I am so thankful that Dr. Brandyberry loved me and my classmates enough to not just share the gospel with us, but to tell us stories about courageous men and women of faith from ages past. Knox was a man of tremendous faith and endurance; due to his faith, he was a galley slave for three years where he was chained to a bench and forced to row an entire day in one posture as guards oversaw him. Dr. Brandyberry taught me that a generation that ignores history has no past and no future.  Quotes like that illuminate the need for people to have heroes, in order to make it through times of great duress.  

When I asked Dr. Brandyberry if he had any advice for those in education, he said that we should reappropriate CS Lewis’ advice on books to people:

“It is a good rule, after reading a new book, never to allow yourself another new one till you have read an old one in between. If that is too much for you, you should at least read one old one to every three new ones.”

Brandyberry meant that young people should also be interacting with people that are stages ahead of them in life, alive or dead. 

The modern perspective on death and dying is much different than ages past. Although we have advanced medically and technologically, we have regressed spiritually in many ways. Therefore, I find the most help not from the Enneagram or authentic pastors in skinny jeans, but rather the ancient wisdom revealed in the Word and the world past. As Lewis wrote,

“A new book is still on its trial and the amateur is not in a position to judge it. It has to be tested against the great body of Christian thought down the ages, and all its hidden implications (often unsuspected by the author himself) have to be brought to light.”

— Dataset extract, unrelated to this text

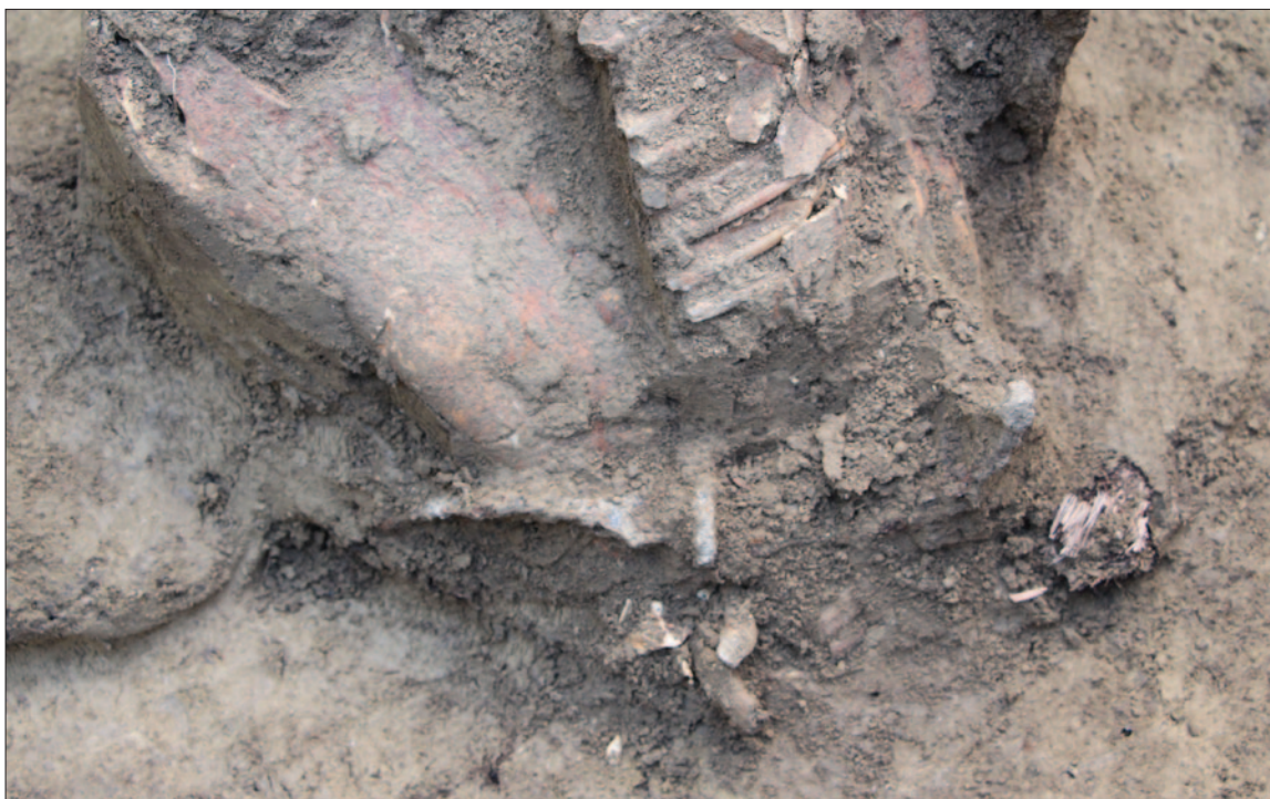
Sl. 10 Detalj ukopa konja br. 6 sa željeznim žvalama

Narukvice poput onih iz groba 5 u Lovasu izdvojene su kao tip BR-B6 koji je datiran u LT B2c, a odlikuju se gusto postavljenim zadebljanjima, dok se na krajevima nalaze nešto veća zadebljanja koja se dodiruju (Bujna

After losing Knox, I was able to use history as a prism of discernment to make sense of our loss. I was able to look to both my contemporaries but also the democracy of the dead. Lewis goes on to say,

Every age has its own outlook. It is specially good at seeing certain truths and specially liable to make certain mistakes. We all, therefore, need the books that will correct the characteristic mistakes of our own period. And that means the old books.”

In a moving sermon “Songs in the Night,”  Spurgeon revealed the struggle of the Christian trying to praise God in the dark:

“It is easy to sing when we can read the notes by daylight; but he is the skillful singer who can sing when there is not a ray of light by which to read,— who sings from his heart, and not from a book that he can see, because he has no means of reading, save from that inward book of his own living spirit, whence notes of gratitude pour forth in songs of praise.”

While many are saying that 2020 has been the worst year of their lives, I can say honestly that 2020 was the year I learned to praise God in the dark. Soli Deo Gloria.